BEGIN

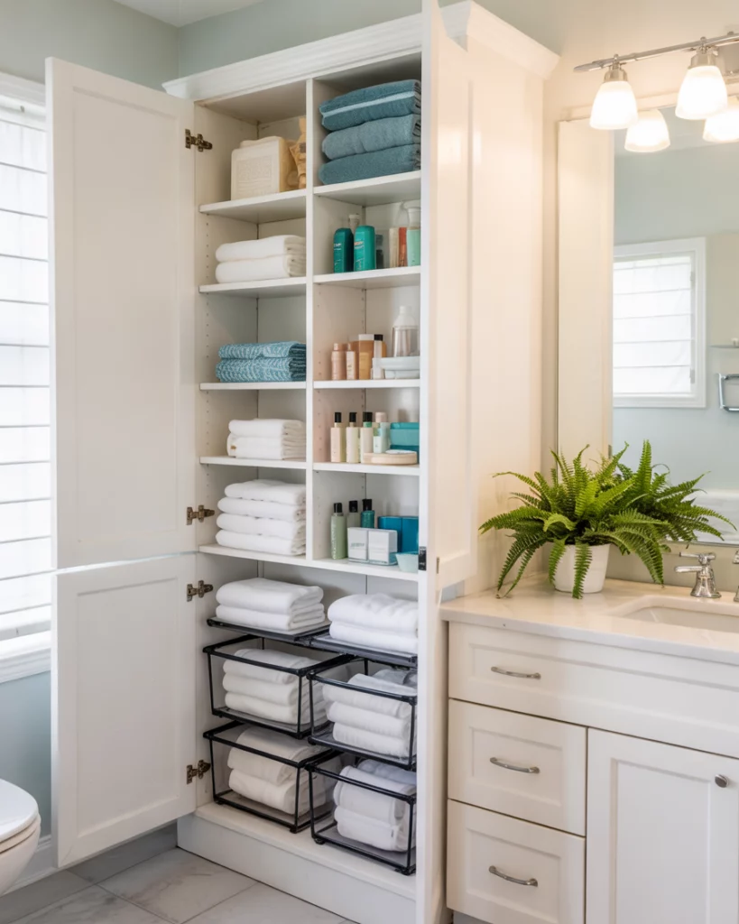 8. Shared Bathroom Closet-Style Storage for Families or Couples
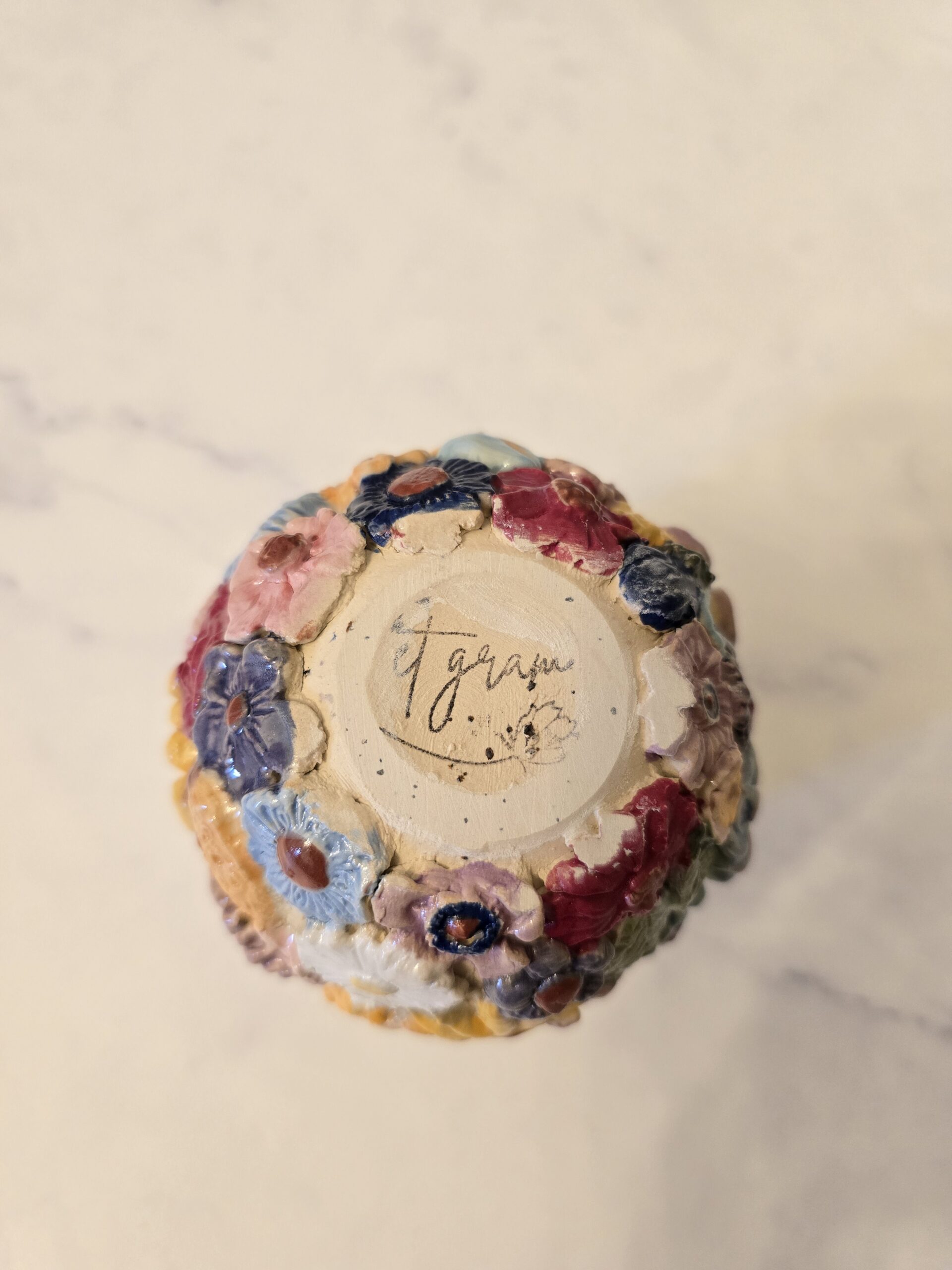 Denne farverige kop har et unikt blomsterdesign og rummer ca. 3,5 dl.
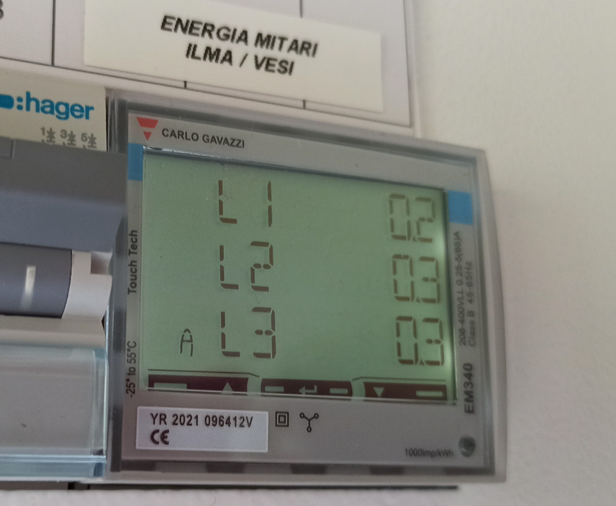 Nibe F2120-12 25W tyhjäkäynnillä. Ulkoyksikön kwh-mittari vilkuttaa katkon aikana 0,02/0,03 kw tehoja, kun pihalämmöt on 10C.

END

- Task statement -
Please write out the lines from the one that holds "Denne farverige kop" through the end of the material, both ends included, exactly and with no pictures.

- Response for this exercise -
 Denne farverige kop har et unikt blomsterdesign og rummer ca. 3,5 dl.
 Nibe F2120-12 25W tyhjäkäynnillä. Ulkoyksikön kwh-mittari vilkuttaa katkon aikana 0,02/0,03 kw tehoja, kun pihalämmöt on 10C.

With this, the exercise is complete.